Despite the excitement within the industry, Apple continues to push in a field that has beaten some of the biggest tech companies. Google and Microsoft have both released AR headsets with flashy user-friendly apps (in Microsoft’s case, an AR edition of Minecraft) only to end up with a much less ambitious enterprise-focused product. The same goes for the richly funded startup Magic Leap.
Also, few people seem to think that AR passthrough is an endpoint for support. As Nguyen points out, a passthrough headset has basic security risks compared to a more goggle-like system: if its video stream stutters or dies out, it temporarily blinds the user. It is therefore risky to use it outside of a controlled home or office environment. “I see the Apple device as a replacement for my iMac,” says Nima Shams, vice president of DigiLens, a longtime maker of goggle-style headset optics. “I don’t see the device as a replacement for my iPhone.” Apple is also reportedly working on a seamless, non-passthrough headset, but that’s not what everyone expects to see on Monday.
There are pragmatic reasons to believe that Apple is better positioned than these companies. On the one hand, the technology To has matured considerably since Google began testing Glass in 2012, Microsoft announced HoloLens in 2015, and Magic Leap unveiled its first product in 2018. On the other hand, Apple has a consumer hardware track record that no other company can equal. This not only includes carefully produced industrial design and interfaces like trackpads, but, in recent years, its own fairly powerful chips. “If we were faced with rumors of a similar headset made by anyone other than Apple, I don’t think it would be so successful,” says Jitesh Ubrani, research director at IDC. “Apple has huge scale, huge developer support, huge consumer support – and no one else comes close.”

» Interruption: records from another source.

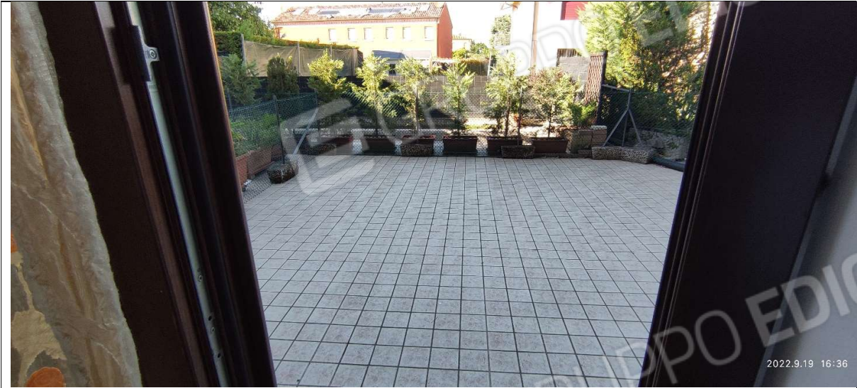
FOTO 8 AREA SCOPERTA COMUNE A SUD
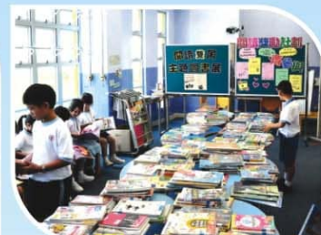
▲ 同學到圖書館參與書展
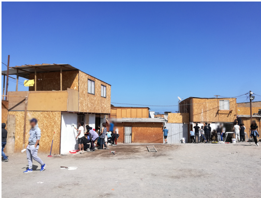
Figura 5. Preparación de las fachadas de madera prensada
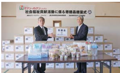
㈱セブン-イレブン・ジャパン 様 贈呈式 (5/10)

店舗改装時に発生した在庫商品を寄付いただきました。必要とする方の元へ届くよう市内関係機関と相談し、対応させていただきます。

But the more emotionally compelling argument is simply that Apple can make even weird products – like AirPods, compared to anything from Sperm Q-tips – Socially acceptable. As Loewenstein says, “The key has always been very, very simple: is this thing useful? Is this thing comfortable? And is this stuff cool? Meta has demonstrated the value of VR for gaming, but the company’s lack of freshness is a running joke, from the famous photo of an MWC audience strapped to headsets to the much-maligned legless avatar. of CEO Mark Zuckerberg. “I think Apple has the cool factor.”
And if not? Well, if you’ve been in the mainstream AR world for so long, you can probably handle the disappointment.